Another example of the use (or misuse) of guidance was seen in the ongoing attempts by the CFPB and others to define “unfair, deceptive or abusive acts or practices” – the acts that govern the CFPB’s ability to intervene. In March 2023 the CFPB issued guidance attempting to clarify its understanding of “abusive” by reference to the equally nebulous concept of “unfair advantage.” While a somewhat ridiculous example, the ability of the CFPB to determine so easily the scope of its own supervisory universe without reference to a rule or the congressional delegation of authority remains troubling.
Enforcement
While the CFPB is often tarred with the brush of rulemaking by enforcement, Biden’s CFPB took fewer enforcement actions during his term (96) than Trump in his first term (114) or Obama in his second term (161) (although the pace of agency enforcement action is believed to have slowed while the CFPB awaited the results of constitutionality challenges). What is remarkable, however, is the post-election flurry of enforcement actions the CFPB has taken, with lawsuits on Zelle fraud, Walmart delivery drivers, and alleged Rocket Mortgage kickbacks.

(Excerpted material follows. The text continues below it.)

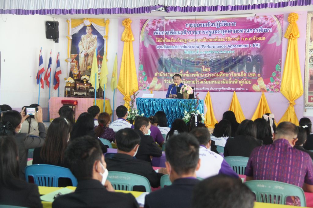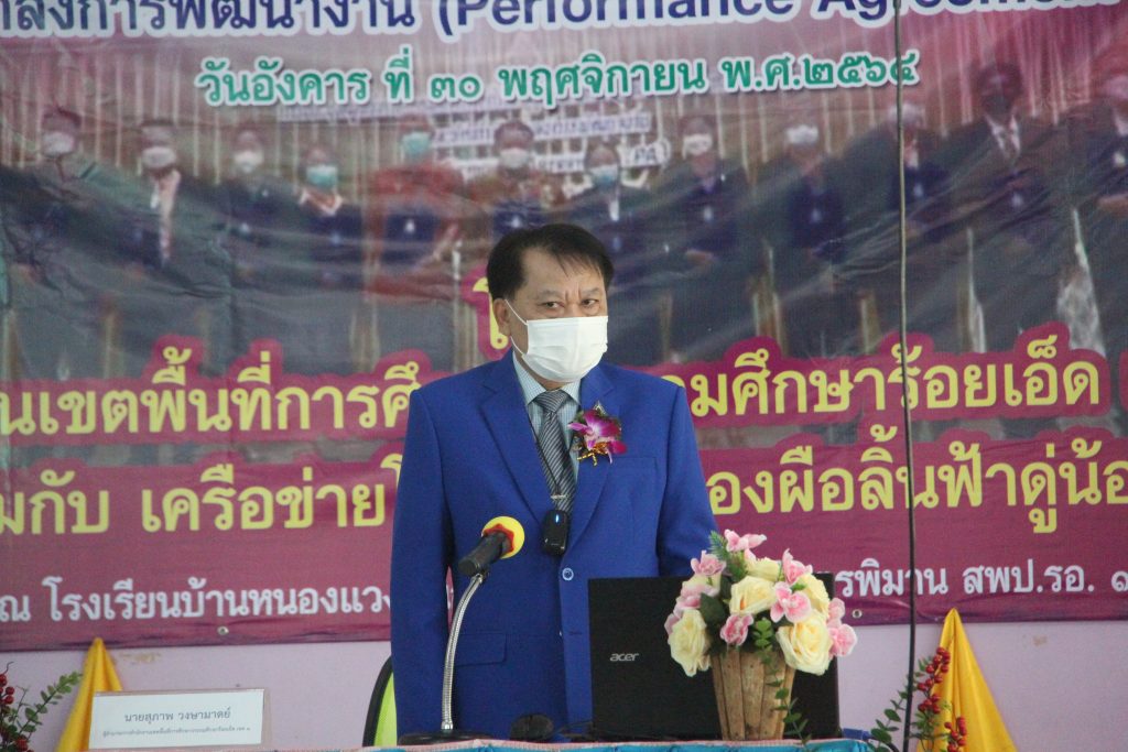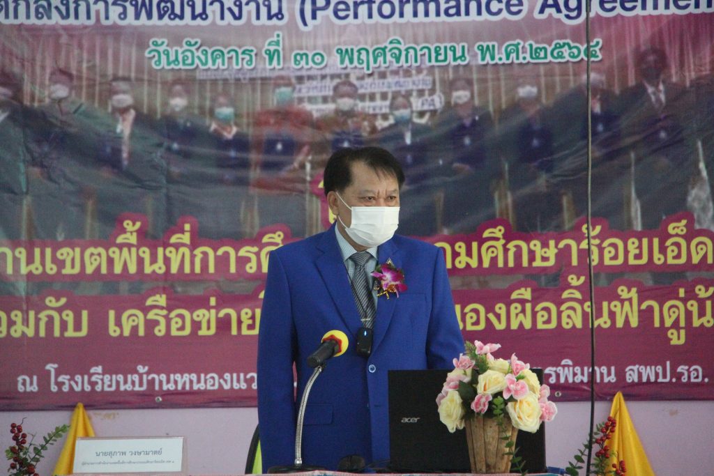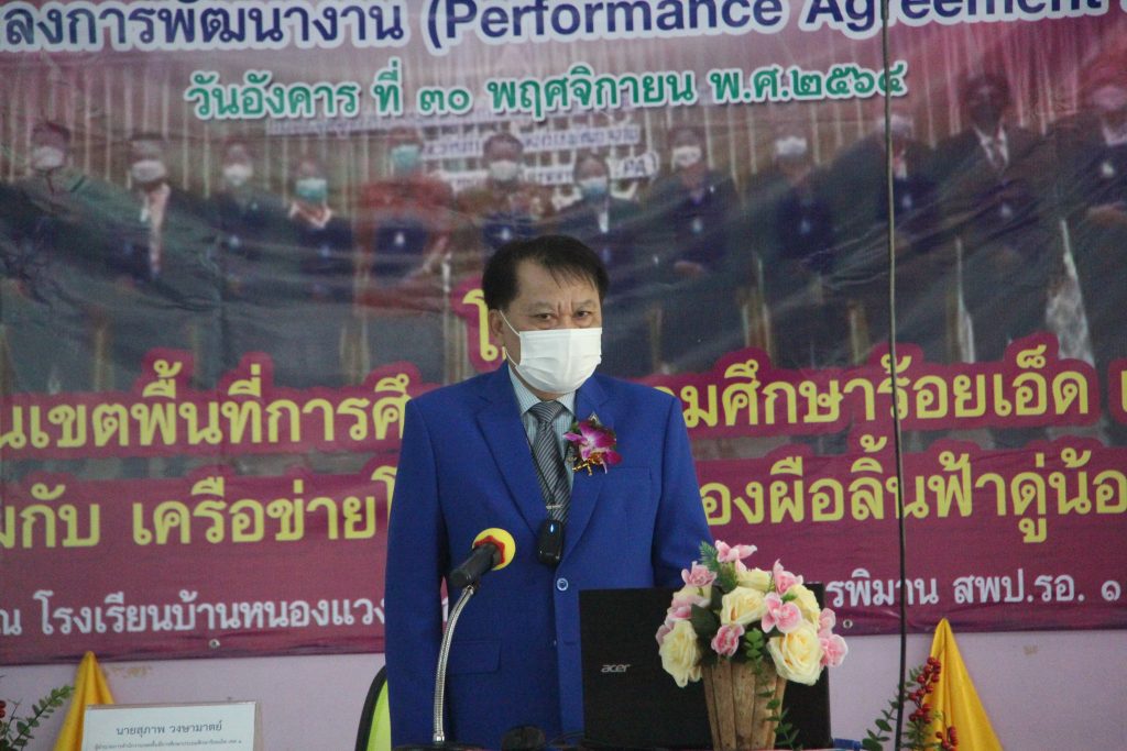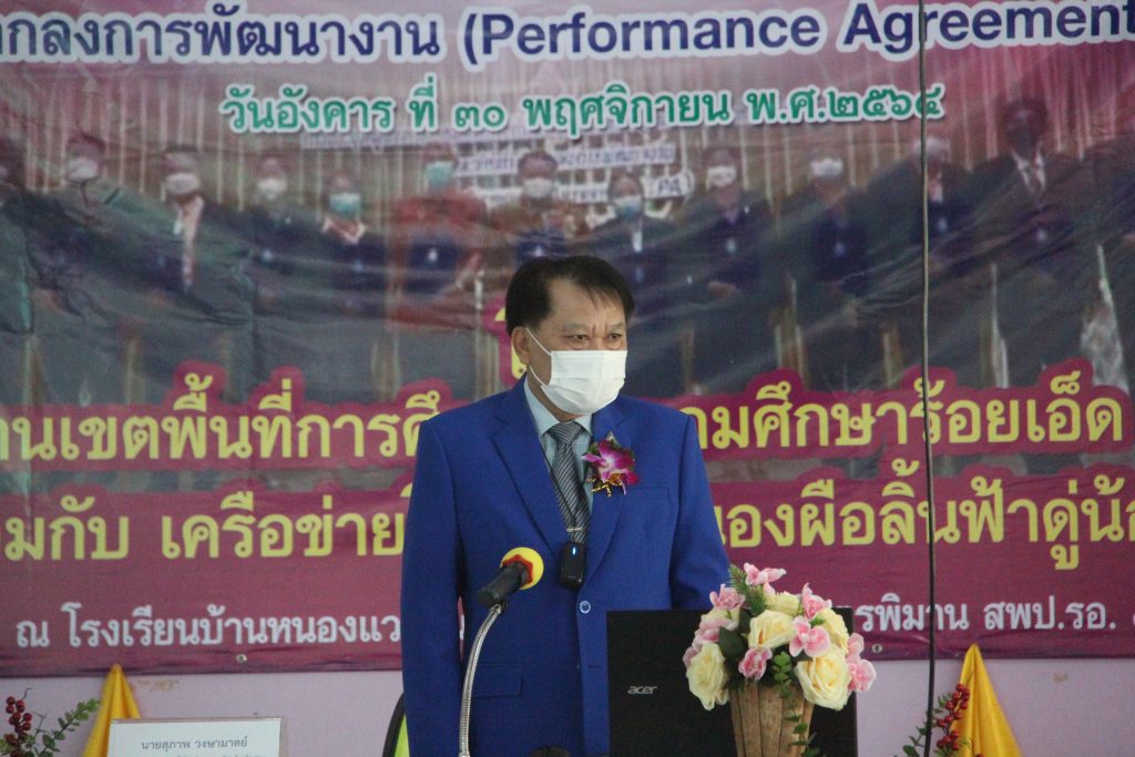 วันที่ 30 พฤศจิกายน 2564 นายสุภาพ วงษามาตย์ ผู้อำนวยการสำนักงานเขตพื้นที่การศึกษาประถมศึกษาร้อยเอ็ด เขต 1 เป็นประธานและบรรยายพิเศษ ในการประชุมเชิงปฏิบัติการข้าราชการครูและบุคลากรทางการศึกษาในการจัดทำข้อตกลงในการพัฒนางาน (Performance Agreement : PA) ของเครือข่ายหนองผือลิ้นฟ้าดู่น้อย อำเภอจตุรพักตรพิมาน จังหวัดร้อยเอ็ด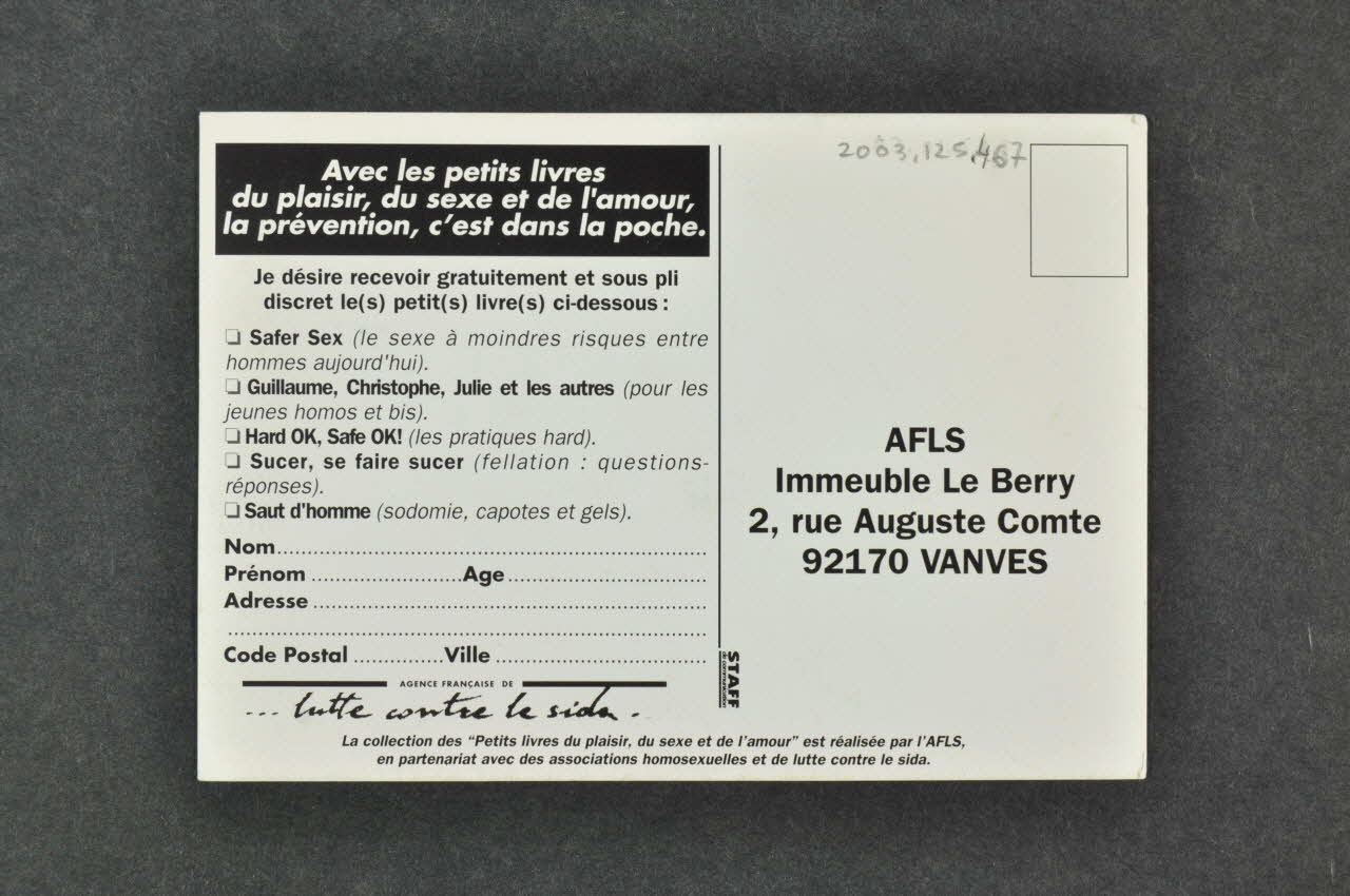 Avec les petits livres // du plaisir, du sexe et de l'amour, // la prévention, c'est dans la poche (Texte imprimé en blanc dans un encadré noir situé en haut à gauche), versoLes codes // de l'amour // ont changé ! (Texte imprimé en caractères rouges sur trois lignes en bas à droite de la photographie. Les lettres sont ombrées.), rectoJe désire recevoir gratuitement et sous pli discret le(s) petit(s) livre(s) ci-dessous : // // - Safer Sex (le sexe à moinbdres risques entre hommes aujourd'hui) // - Guillaume, Christophe, Julie et les autres (pour les jeunes homos et bis) // - Hard OK, Safe OK (les pratiques hard) // - Sucer, se faire sucer (fellation : questions -réponses) // - Saut d'homme (sodomie, capotes et gels). (Texte imprimé en noir sur fond blanc et correspondant au bon de commande situé dans la partie gauche du verso), versoAdresse

Also remarkable is the unprecedented scale of the legal challenge facing the CFPB, as the agency defends its rulemakings in the courts; the CFPB is fending off challenges to small business data-reporting requirements, credit card late fees, its guidance on abusive practices, and more. It is likely that the CFPB under its new director will choose not to defend these regulations in court.
Data Request
A key tenet of Biden’s CFPB is the notion that no data request was too onerous or unnecessary. Late 2021 saw the CFPB order Apple, Meta, Amazon, Google, PayPal, and others turn over details on how the tech giants handle customer payments data. This was for many the first indication that the CFPB not only intended to return to a far more active supervisory stance but also that its scope extended significantly beyond the traditional banking sector – to the schadenfreude of those banks. In November 2023, the CFPB made good on its threat, proposing a rule that would subject tech firms with digital payment platforms or wallets to the same scrutiny as banks.
Conclusions
It is difficult to see if basic, existential questions of constitutionality slowed the pace of rulemaking at the CFPB under President Biden’s tenure. But it wasn’t simply a case of poorly considered policy seemingly rushed out: Many of these actions significantly expanded the scope of the CFPB’s powers, and in ways insulated from the traditional rulemaking process or congressional oversight. This CFPB certainly moved fast and definitely broke things. While it is not uncommon for any new administration to seek to undo the efforts of the previous administration, the truly interesting cases will not be considered by the Congressional Review Act but by the courts.